• **PROBLEM**: What is wanted is every line below from the one with "Het perceel waarop" up to and including the one with "Tak hanya bisa", retyped exactly, pictures excluded, nothing else.

• **ENTRIES PROVIDED**:
= Beginning of Section =

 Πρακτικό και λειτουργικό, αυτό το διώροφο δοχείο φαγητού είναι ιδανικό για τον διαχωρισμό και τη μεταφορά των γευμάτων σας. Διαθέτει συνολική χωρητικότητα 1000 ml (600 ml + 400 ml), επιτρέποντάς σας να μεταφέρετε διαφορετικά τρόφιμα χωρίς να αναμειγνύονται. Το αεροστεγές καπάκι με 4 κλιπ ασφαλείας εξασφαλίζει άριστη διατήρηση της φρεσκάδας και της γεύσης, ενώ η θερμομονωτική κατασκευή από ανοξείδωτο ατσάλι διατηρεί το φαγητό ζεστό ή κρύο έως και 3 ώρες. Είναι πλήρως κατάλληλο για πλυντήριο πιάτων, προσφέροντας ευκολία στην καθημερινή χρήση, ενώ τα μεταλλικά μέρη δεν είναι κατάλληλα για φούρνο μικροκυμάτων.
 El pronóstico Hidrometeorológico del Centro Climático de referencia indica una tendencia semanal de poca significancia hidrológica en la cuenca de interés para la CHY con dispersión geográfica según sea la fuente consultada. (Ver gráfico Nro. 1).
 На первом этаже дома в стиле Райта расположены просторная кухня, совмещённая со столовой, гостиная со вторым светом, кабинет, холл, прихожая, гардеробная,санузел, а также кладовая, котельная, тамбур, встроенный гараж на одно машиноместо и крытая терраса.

= End of Section =
= Beginning of Section =

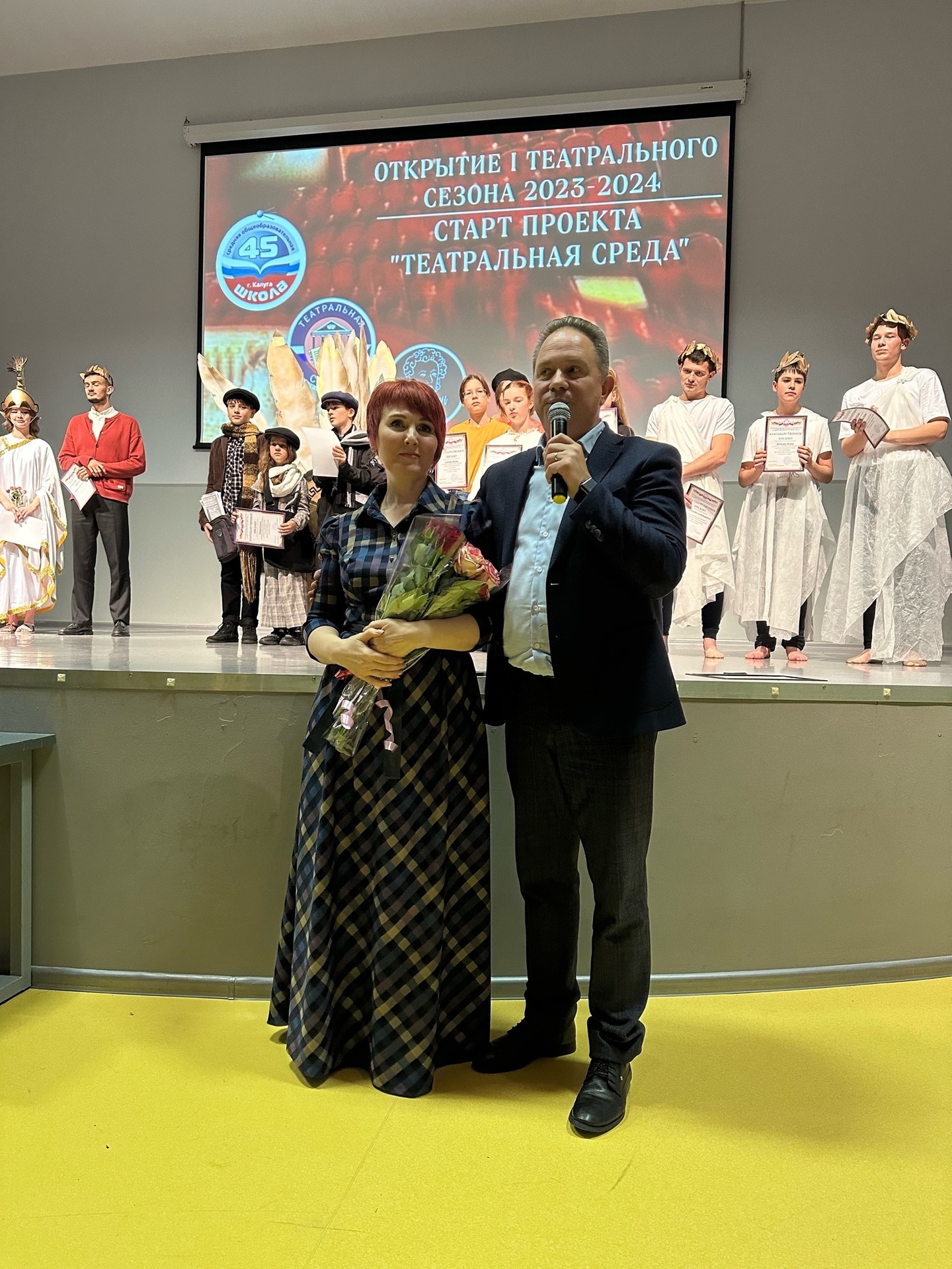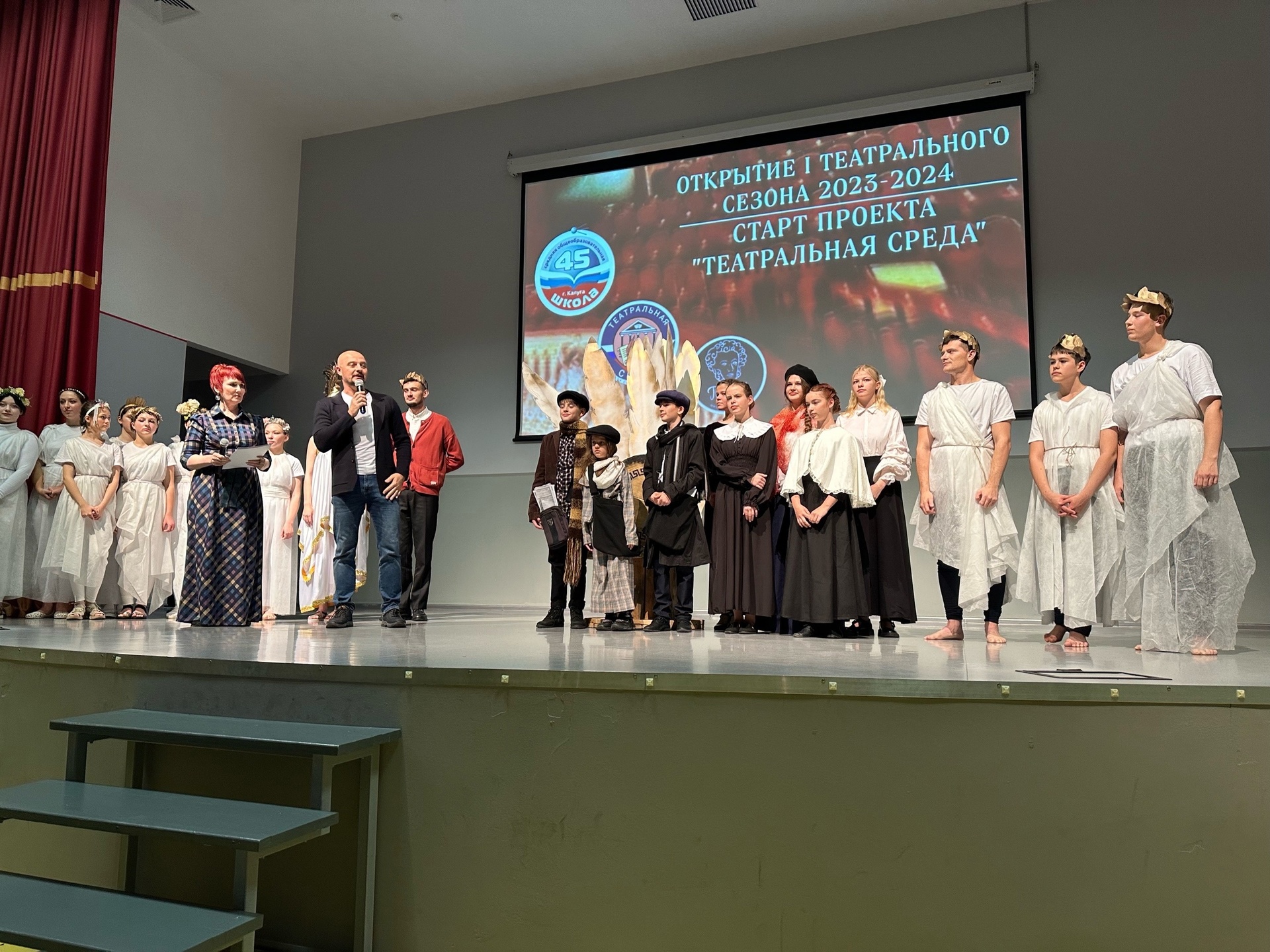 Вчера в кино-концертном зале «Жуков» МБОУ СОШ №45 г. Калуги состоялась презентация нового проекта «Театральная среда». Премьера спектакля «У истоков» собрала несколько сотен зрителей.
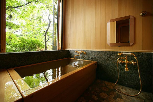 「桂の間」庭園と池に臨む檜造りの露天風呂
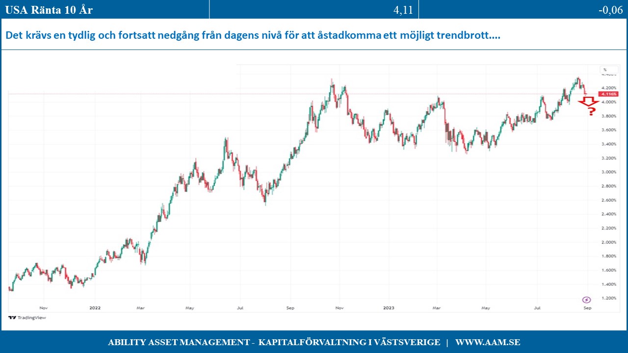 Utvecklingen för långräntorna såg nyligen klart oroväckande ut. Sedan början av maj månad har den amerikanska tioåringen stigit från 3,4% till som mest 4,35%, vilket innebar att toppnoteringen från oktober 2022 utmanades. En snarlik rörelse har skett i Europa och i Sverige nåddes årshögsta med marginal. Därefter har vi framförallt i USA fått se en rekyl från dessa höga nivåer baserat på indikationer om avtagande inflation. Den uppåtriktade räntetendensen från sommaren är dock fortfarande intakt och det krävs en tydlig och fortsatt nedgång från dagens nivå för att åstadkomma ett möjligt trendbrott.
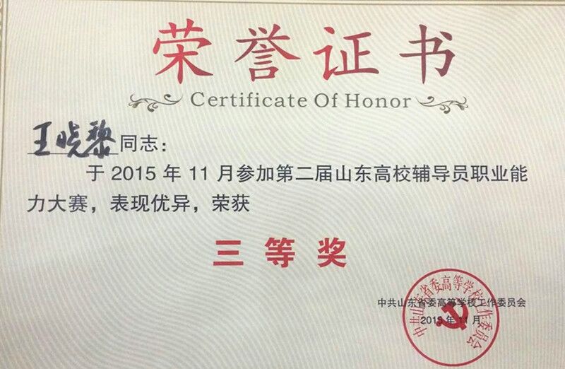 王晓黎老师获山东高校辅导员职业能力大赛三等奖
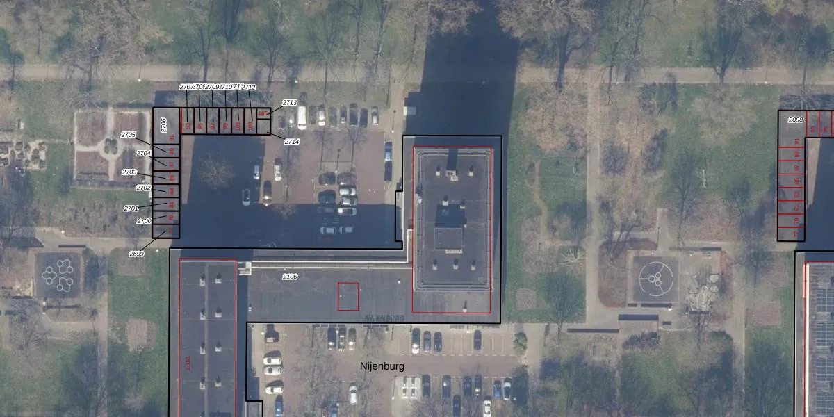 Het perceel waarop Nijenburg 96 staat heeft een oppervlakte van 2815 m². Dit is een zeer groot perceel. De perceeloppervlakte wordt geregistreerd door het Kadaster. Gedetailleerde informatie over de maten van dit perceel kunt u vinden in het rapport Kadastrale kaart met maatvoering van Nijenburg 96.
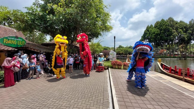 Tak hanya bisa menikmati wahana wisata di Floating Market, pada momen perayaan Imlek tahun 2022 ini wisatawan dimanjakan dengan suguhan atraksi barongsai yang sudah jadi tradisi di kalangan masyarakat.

= End of Section =
= Beginning of Section =

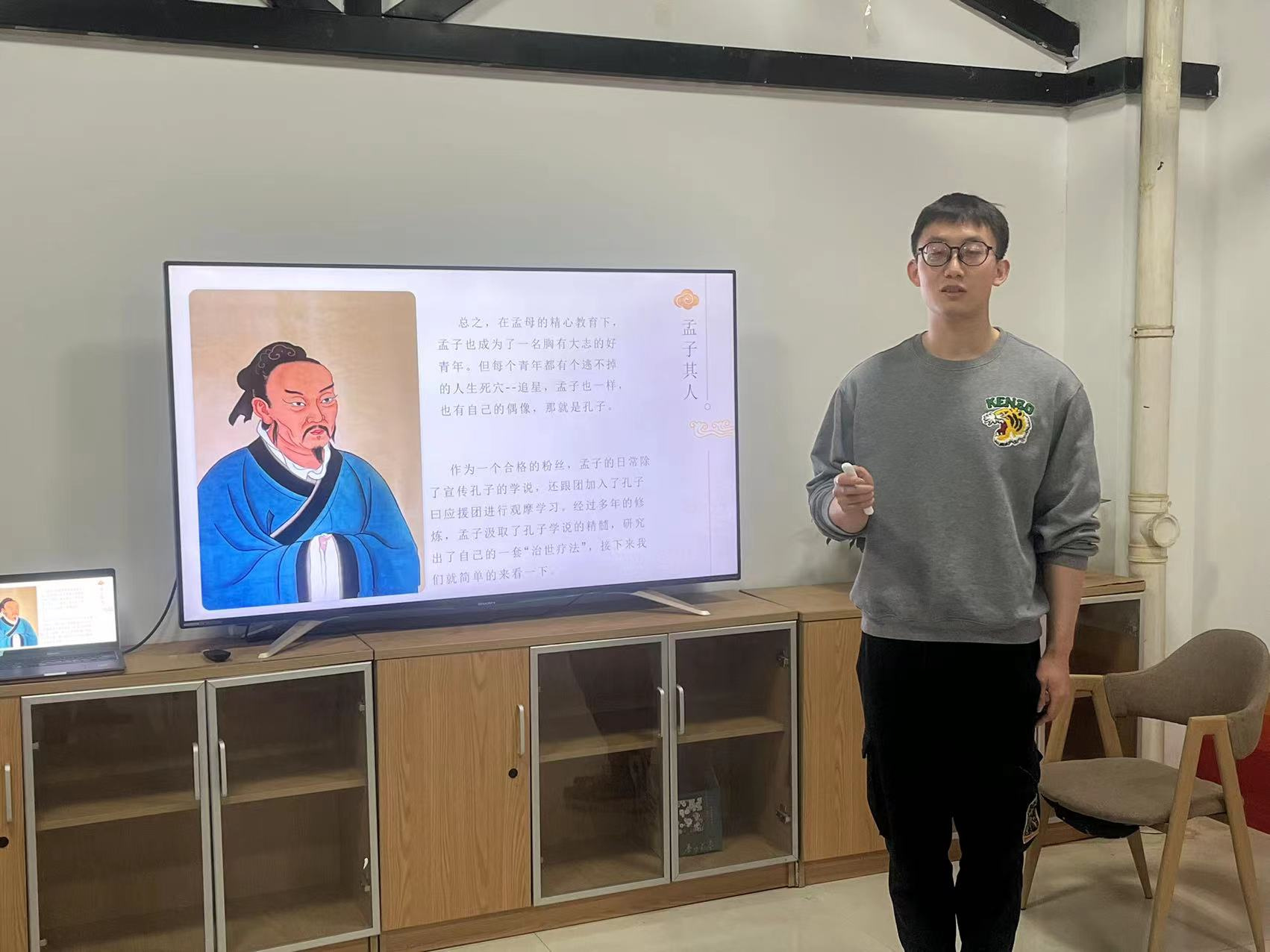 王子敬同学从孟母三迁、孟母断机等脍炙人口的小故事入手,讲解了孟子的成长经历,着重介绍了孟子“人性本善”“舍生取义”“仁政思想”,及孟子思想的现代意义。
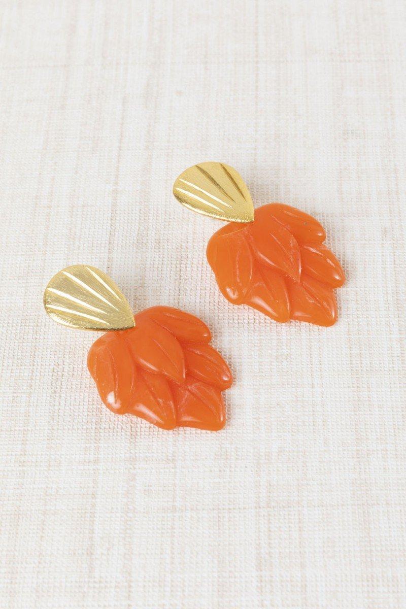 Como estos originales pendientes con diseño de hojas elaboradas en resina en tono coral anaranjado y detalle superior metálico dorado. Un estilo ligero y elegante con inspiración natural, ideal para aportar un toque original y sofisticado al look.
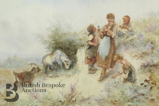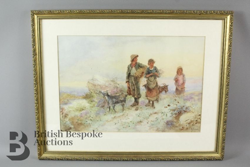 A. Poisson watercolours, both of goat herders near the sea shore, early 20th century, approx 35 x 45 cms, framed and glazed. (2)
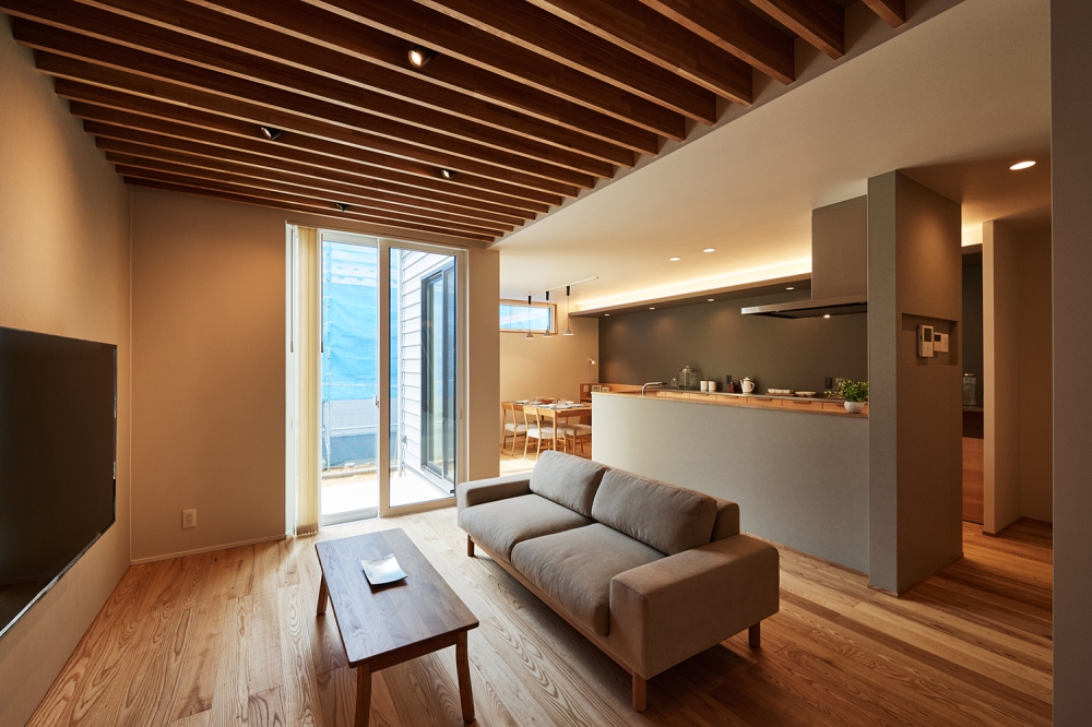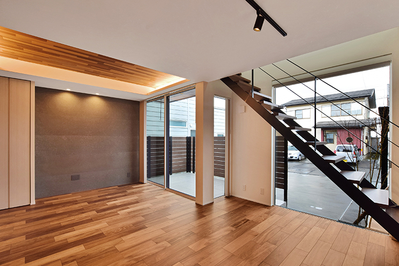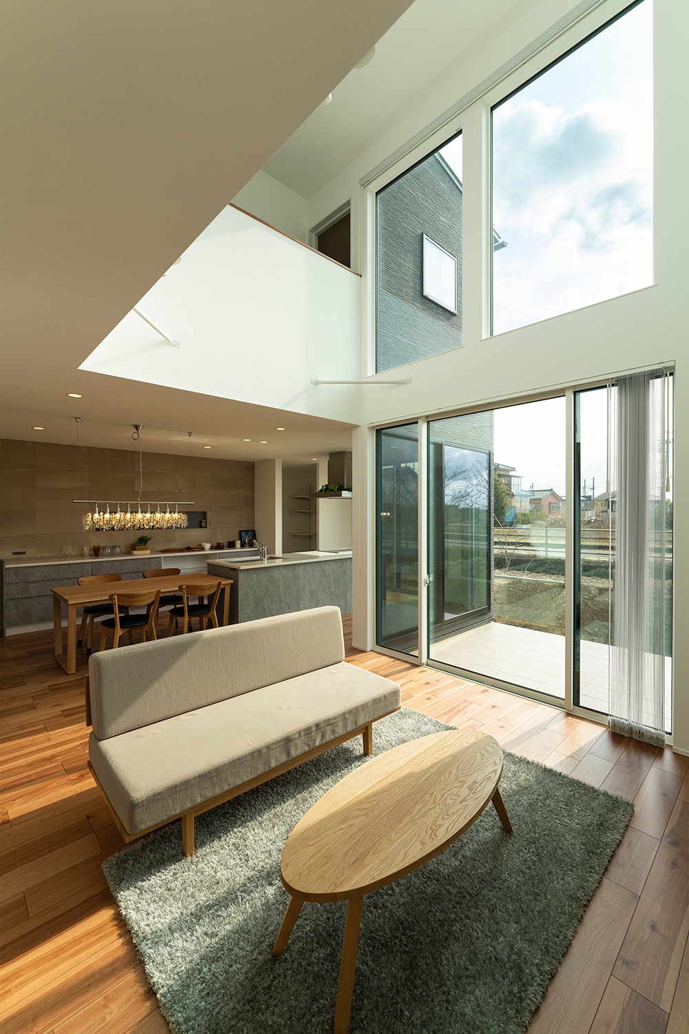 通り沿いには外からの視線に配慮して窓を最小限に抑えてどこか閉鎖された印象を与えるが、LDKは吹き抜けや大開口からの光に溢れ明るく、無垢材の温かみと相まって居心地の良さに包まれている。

= End of Section =

• **RESPONSE FOR THIS EXERCISE**:
 Het perceel waarop Nijenburg 96 staat heeft een oppervlakte van 2815 m². Dit is een zeer groot perceel. De perceeloppervlakte wordt geregistreerd door het Kadaster. Gedetailleerde informatie over de maten van dit perceel kunt u vinden in het rapport Kadastrale kaart met maatvoering van Nijenburg 96.
 Tak hanya bisa menikmati wahana wisata di Floating Market, pada momen perayaan Imlek tahun 2022 ini wisatawan dimanjakan dengan suguhan atraksi barongsai yang sudah jadi tradisi di kalangan masyarakat.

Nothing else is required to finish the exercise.